Please return, with no alterations, the lines below from the very first through the one that contains "James Lafayette Cross, Brown".

= = =

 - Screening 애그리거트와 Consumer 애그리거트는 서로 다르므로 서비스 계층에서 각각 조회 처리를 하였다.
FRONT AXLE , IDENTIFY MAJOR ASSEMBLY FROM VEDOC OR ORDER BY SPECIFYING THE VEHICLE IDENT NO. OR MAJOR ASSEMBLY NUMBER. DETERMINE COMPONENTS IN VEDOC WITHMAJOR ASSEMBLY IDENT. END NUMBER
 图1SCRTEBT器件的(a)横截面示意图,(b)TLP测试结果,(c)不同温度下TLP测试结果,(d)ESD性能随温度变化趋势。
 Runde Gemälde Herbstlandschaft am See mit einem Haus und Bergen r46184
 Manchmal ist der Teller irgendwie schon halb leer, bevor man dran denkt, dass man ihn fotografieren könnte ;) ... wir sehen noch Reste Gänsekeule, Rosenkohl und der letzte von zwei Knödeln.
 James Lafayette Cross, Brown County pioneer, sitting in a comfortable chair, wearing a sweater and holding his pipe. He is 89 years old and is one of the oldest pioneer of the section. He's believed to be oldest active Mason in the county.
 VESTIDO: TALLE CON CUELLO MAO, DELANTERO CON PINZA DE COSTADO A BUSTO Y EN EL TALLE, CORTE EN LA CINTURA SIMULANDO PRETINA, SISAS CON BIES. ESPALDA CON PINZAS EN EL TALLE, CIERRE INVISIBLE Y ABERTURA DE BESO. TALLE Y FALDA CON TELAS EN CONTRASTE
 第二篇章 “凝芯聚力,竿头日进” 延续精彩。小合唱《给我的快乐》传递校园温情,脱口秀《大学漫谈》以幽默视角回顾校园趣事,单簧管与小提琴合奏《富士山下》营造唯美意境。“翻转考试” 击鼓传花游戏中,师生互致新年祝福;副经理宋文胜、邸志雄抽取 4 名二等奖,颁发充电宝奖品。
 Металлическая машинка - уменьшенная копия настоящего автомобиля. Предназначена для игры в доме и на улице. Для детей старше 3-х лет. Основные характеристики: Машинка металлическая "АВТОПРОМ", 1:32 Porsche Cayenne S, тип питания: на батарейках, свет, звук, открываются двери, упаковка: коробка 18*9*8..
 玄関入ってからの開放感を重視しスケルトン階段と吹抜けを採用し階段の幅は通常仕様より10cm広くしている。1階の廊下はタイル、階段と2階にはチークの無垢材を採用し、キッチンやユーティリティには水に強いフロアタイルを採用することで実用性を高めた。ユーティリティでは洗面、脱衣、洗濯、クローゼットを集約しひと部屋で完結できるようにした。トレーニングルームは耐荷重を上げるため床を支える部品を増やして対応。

= = =

Answer area:
 - Screening 애그리거트와 Consumer 애그리거트는 서로 다르므로 서비스 계층에서 각각 조회 처리를 하였다.
FRONT AXLE , IDENTIFY MAJOR ASSEMBLY FROM VEDOC OR ORDER BY SPECIFYING THE VEHICLE IDENT NO. OR MAJOR ASSEMBLY NUMBER. DETERMINE COMPONENTS IN VEDOC WITHMAJOR ASSEMBLY IDENT. END NUMBER
 图1SCRTEBT器件的(a)横截面示意图,(b)TLP测试结果,(c)不同温度下TLP测试结果,(d)ESD性能随温度变化趋势。
 Runde Gemälde Herbstlandschaft am See mit einem Haus und Bergen r46184
 Manchmal ist der Teller irgendwie schon halb leer, bevor man dran denkt, dass man ihn fotografieren könnte ;) ... wir sehen noch Reste Gänsekeule, Rosenkohl und der letzte von zwei Knödeln.
 James Lafayette Cross, Brown County pioneer, sitting in a comfortable chair, wearing a sweater and holding his pipe. He is 89 years old and is one of the oldest pioneer of the section. He's believed to be oldest active Mason in the county.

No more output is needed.